─── Provided material ───

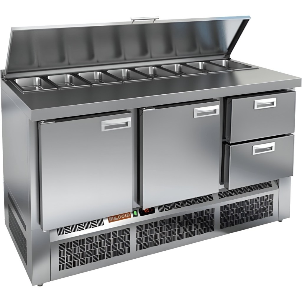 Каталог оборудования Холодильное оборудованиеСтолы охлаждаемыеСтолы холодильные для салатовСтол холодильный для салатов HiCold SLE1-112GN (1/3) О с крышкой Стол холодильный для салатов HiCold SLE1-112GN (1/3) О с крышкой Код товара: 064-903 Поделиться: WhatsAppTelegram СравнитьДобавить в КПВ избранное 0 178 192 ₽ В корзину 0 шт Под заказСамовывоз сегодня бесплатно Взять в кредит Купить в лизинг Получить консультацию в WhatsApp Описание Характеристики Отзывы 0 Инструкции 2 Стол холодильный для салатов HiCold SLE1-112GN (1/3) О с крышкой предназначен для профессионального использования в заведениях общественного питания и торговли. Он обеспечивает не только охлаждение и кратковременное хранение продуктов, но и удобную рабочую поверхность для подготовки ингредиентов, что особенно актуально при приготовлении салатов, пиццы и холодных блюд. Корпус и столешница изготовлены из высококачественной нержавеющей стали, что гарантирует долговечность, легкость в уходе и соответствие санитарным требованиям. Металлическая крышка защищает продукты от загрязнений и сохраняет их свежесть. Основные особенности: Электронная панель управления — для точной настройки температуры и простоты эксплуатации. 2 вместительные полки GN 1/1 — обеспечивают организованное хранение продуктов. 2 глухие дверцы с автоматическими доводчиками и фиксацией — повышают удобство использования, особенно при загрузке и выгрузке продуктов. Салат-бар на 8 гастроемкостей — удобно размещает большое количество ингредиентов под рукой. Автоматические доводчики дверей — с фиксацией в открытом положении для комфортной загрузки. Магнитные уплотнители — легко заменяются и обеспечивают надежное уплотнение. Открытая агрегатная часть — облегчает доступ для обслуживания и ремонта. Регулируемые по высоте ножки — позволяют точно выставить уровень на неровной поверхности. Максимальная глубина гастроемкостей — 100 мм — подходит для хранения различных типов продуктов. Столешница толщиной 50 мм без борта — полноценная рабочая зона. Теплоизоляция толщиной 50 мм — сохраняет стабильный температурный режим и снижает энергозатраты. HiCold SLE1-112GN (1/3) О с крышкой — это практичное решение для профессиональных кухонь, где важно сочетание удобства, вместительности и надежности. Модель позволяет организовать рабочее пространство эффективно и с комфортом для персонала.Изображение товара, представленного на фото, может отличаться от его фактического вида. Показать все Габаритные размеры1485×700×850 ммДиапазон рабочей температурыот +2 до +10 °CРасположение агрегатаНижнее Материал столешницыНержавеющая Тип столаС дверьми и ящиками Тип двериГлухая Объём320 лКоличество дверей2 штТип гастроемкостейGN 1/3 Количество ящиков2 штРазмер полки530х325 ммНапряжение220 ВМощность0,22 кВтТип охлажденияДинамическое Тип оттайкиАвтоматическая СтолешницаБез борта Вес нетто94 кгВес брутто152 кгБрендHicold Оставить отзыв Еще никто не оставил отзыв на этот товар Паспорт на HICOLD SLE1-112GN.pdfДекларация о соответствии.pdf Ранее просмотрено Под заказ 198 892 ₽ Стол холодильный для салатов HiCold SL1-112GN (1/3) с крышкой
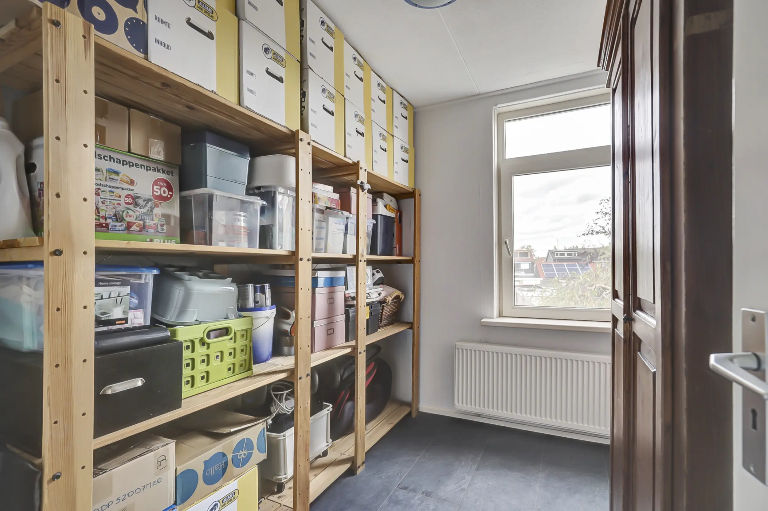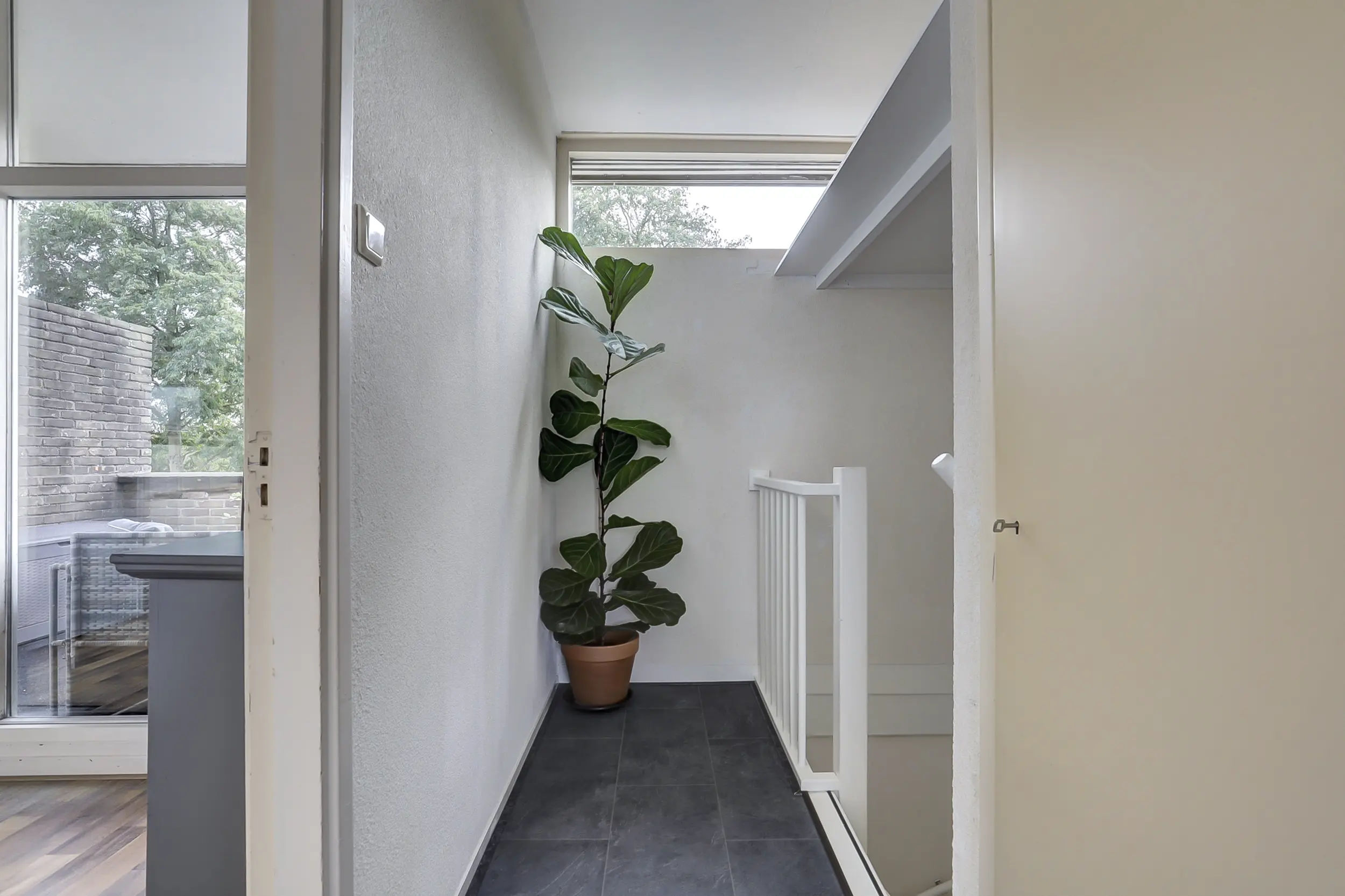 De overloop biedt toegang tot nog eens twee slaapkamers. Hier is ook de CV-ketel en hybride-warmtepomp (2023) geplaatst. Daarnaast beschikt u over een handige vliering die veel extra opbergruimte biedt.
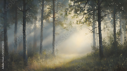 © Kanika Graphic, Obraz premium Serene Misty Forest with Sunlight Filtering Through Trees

───

The result should be an exact copy of the material, containing no pictures.

**Solution**
 Каталог оборудования Холодильное оборудованиеСтолы охлаждаемыеСтолы холодильные для салатовСтол холодильный для салатов HiCold SLE1-112GN (1/3) О с крышкой Стол холодильный для салатов HiCold SLE1-112GN (1/3) О с крышкой Код товара: 064-903 Поделиться: WhatsAppTelegram СравнитьДобавить в КПВ избранное 0 178 192 ₽ В корзину 0 шт Под заказСамовывоз сегодня бесплатно Взять в кредит Купить в лизинг Получить консультацию в WhatsApp Описание Характеристики Отзывы 0 Инструкции 2 Стол холодильный для салатов HiCold SLE1-112GN (1/3) О с крышкой предназначен для профессионального использования в заведениях общественного питания и торговли. Он обеспечивает не только охлаждение и кратковременное хранение продуктов, но и удобную рабочую поверхность для подготовки ингредиентов, что особенно актуально при приготовлении салатов, пиццы и холодных блюд. Корпус и столешница изготовлены из высококачественной нержавеющей стали, что гарантирует долговечность, легкость в уходе и соответствие санитарным требованиям. Металлическая крышка защищает продукты от загрязнений и сохраняет их свежесть. Основные особенности: Электронная панель управления — для точной настройки температуры и простоты эксплуатации. 2 вместительные полки GN 1/1 — обеспечивают организованное хранение продуктов. 2 глухие дверцы с автоматическими доводчиками и фиксацией — повышают удобство использования, особенно при загрузке и выгрузке продуктов. Салат-бар на 8 гастроемкостей — удобно размещает большое количество ингредиентов под рукой. Автоматические доводчики дверей — с фиксацией в открытом положении для комфортной загрузки. Магнитные уплотнители — легко заменяются и обеспечивают надежное уплотнение. Открытая агрегатная часть — облегчает доступ для обслуживания и ремонта. Регулируемые по высоте ножки — позволяют точно выставить уровень на неровной поверхности. Максимальная глубина гастроемкостей — 100 мм — подходит для хранения различных типов продуктов. Столешница толщиной 50 мм без борта — полноценная рабочая зона. Теплоизоляция толщиной 50 мм — сохраняет стабильный температурный режим и снижает энергозатраты. HiCold SLE1-112GN (1/3) О с крышкой — это практичное решение для профессиональных кухонь, где важно сочетание удобства, вместительности и надежности. Модель позволяет организовать рабочее пространство эффективно и с комфортом для персонала.Изображение товара, представленного на фото, может отличаться от его фактического вида. Показать все Габаритные размеры1485×700×850 ммДиапазон рабочей температурыот +2 до +10 °CРасположение агрегатаНижнее Материал столешницыНержавеющая Тип столаС дверьми и ящиками Тип двериГлухая Объём320 лКоличество дверей2 штТип гастроемкостейGN 1/3 Количество ящиков2 штРазмер полки530х325 ммНапряжение220 ВМощность0,22 кВтТип охлажденияДинамическое Тип оттайкиАвтоматическая СтолешницаБез борта Вес нетто94 кгВес брутто152 кгБрендHicold Оставить отзыв Еще никто не оставил отзыв на этот товар Паспорт на HICOLD SLE1-112GN.pdfДекларация о соответствии.pdf Ранее просмотрено Под заказ 198 892 ₽ Стол холодильный для салатов HiCold SL1-112GN (1/3) с крышкой
 De overloop biedt toegang tot nog eens twee slaapkamers. Hier is ook de CV-ketel en hybride-warmtepomp (2023) geplaatst. Daarnaast beschikt u over een handige vliering die veel extra opbergruimte biedt.
 © Kanika Graphic, Obraz premium Serene Misty Forest with Sunlight Filtering Through Trees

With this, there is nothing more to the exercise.